Tach filter needed for ready to run distributor?
standard old tach expects a 100-300 spike from the coil negative for each spark
high power ignition can cause that spike to be 400V+ and an aged old tach doesn't like it....
the tach uses a range of capacitors resistors and transistors to count the rate of sparks, those capacitors have to charge and discharge to switch a transistor on and off to make the little needle move, if they are hit with more voltage than designed for, the simple circuit that puts pulses into the coil that drives the tach pointer is just kinda ON for too much of the time when it should be offonoffonoffon at a rate the illustrates your rpm.
causes the needle to quiver a few hundred rpm over what it should be at idle then at high revs be all over the place or pinned to the 7000 rpm end stop.
fixed mine with one of these
Vs-40hfr40 for sale | eBay
VS-40HFR40 zener diode
you bolt it to your coil mount or a bit of angle bolted to your car, using its nut and washer,
run a wire from the solder tab to a connector which you put onto coil negative. that's all you do with it.
absolutely dictates that the spike that triggers your tacho will never be greater than 400 V
but doesn't do anything else. one of those 40s in its name means 400 volt so a one with 20s would be 200 volt or 35 would be 350 volt etc R is an indicator that the bolt end of it is earth.
i chose this oen cos i had one 350 or 300 v version would also be fine
350 Volt one was standard fitment along with an HEI module on a XJS jaguar.
its a clamp in electronics terms
if you were running a modern tach it counts 12 volt square wave pulses, that is when you need a special feed from the ignition box or ECU or a converter of some type.
there are only 2 types of electronic tachos really direct to coil negative or modern ones that like a proper 12 volt feed from some other electronics.

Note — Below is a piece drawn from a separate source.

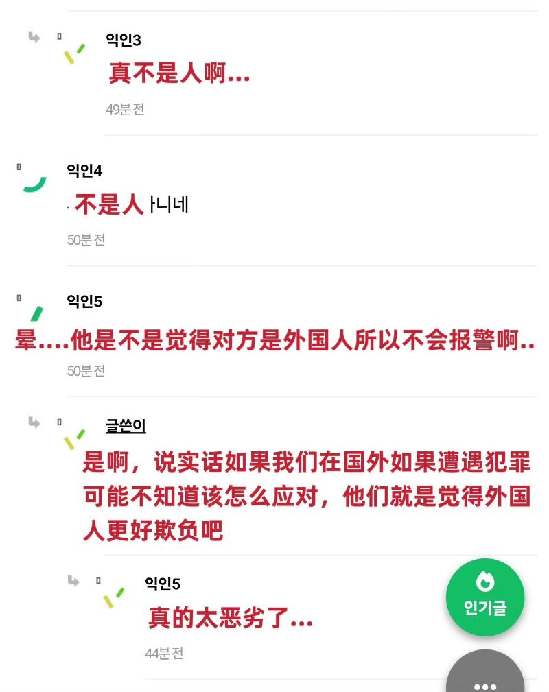 韓網對於受害者居然是外國人感到衝擊,不少網友認為,或許犯罪者認為外國人將會保持沉默,才會做出這麼「不是人」的舉動👇

direct drive don't count they use a speedo drive cable off the distributor
each one of those solutions for a modern tacho is creating the right feed either off the circuitry triggering the spark, or is converting the spikes of 100s of volts at the coil negative into something nice square and 12 volt ish, just by a different route
modern car instrumentation is all 5 and 12 volt stuff our old style 60s/70s stuff is generally connected direct to the thing it is measuring hence old style tacho likes big 100+volt signal and a standard 12 volt feed for anything fancy it may have in addition, some for its function and potentially one for illumination.